**WHAT THE EXERCISE ASKS**
Find the lines below in which the string "device" occurs. Copy each one.

**STORED DATA**
:::

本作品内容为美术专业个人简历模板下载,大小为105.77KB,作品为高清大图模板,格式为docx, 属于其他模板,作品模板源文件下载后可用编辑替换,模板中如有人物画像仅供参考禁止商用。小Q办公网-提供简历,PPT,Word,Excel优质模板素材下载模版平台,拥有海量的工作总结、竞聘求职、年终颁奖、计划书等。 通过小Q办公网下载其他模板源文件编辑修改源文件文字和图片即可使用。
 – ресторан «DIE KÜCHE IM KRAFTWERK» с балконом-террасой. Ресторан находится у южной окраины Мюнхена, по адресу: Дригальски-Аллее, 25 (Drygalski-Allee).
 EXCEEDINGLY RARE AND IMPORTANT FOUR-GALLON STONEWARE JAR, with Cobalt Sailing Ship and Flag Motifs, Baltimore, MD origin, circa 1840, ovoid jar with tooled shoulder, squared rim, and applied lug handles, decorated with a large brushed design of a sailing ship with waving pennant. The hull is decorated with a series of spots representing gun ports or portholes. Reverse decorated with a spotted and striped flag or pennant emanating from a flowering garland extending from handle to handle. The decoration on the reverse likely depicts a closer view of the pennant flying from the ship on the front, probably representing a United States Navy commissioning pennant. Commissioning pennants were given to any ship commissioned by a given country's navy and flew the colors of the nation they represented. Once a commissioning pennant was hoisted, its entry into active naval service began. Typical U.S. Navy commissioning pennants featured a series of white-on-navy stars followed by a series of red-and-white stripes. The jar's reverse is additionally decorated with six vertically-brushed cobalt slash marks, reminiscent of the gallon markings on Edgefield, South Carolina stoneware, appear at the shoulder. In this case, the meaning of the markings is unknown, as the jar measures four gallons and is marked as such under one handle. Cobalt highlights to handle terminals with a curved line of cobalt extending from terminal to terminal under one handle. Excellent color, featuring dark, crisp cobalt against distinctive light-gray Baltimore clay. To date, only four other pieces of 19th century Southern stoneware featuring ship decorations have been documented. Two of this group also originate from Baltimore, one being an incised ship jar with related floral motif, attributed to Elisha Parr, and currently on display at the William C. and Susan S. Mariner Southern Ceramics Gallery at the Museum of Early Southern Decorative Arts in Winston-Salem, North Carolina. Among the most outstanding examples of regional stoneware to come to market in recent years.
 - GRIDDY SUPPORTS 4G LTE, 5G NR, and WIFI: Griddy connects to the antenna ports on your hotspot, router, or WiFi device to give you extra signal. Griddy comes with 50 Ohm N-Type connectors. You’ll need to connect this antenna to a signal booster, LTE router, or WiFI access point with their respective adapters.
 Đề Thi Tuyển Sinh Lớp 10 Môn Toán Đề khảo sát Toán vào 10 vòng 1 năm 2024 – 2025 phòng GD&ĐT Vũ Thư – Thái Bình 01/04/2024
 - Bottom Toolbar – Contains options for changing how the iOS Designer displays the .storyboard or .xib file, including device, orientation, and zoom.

:::

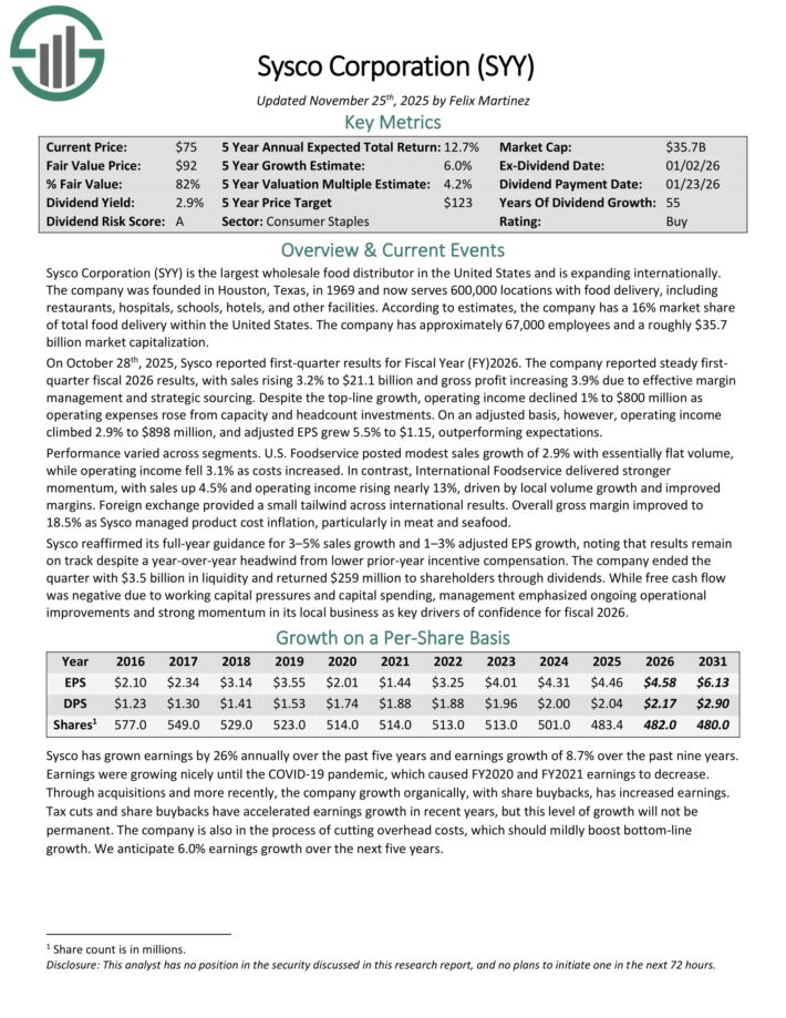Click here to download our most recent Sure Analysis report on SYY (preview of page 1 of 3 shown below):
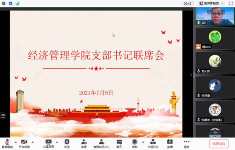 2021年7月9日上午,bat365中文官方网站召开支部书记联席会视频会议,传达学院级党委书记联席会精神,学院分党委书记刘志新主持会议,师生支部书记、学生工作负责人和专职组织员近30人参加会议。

:::

**SOLUTION**
 - GRIDDY SUPPORTS 4G LTE, 5G NR, and WIFI: Griddy connects to the antenna ports on your hotspot, router, or WiFi device to give you extra signal. Griddy comes with 50 Ohm N-Type connectors. You’ll need to connect this antenna to a signal booster, LTE router, or WiFI access point with their respective adapters.
 - Bottom Toolbar – Contains options for changing how the iOS Designer displays the .storyboard or .xib file, including device, orientation, and zoom.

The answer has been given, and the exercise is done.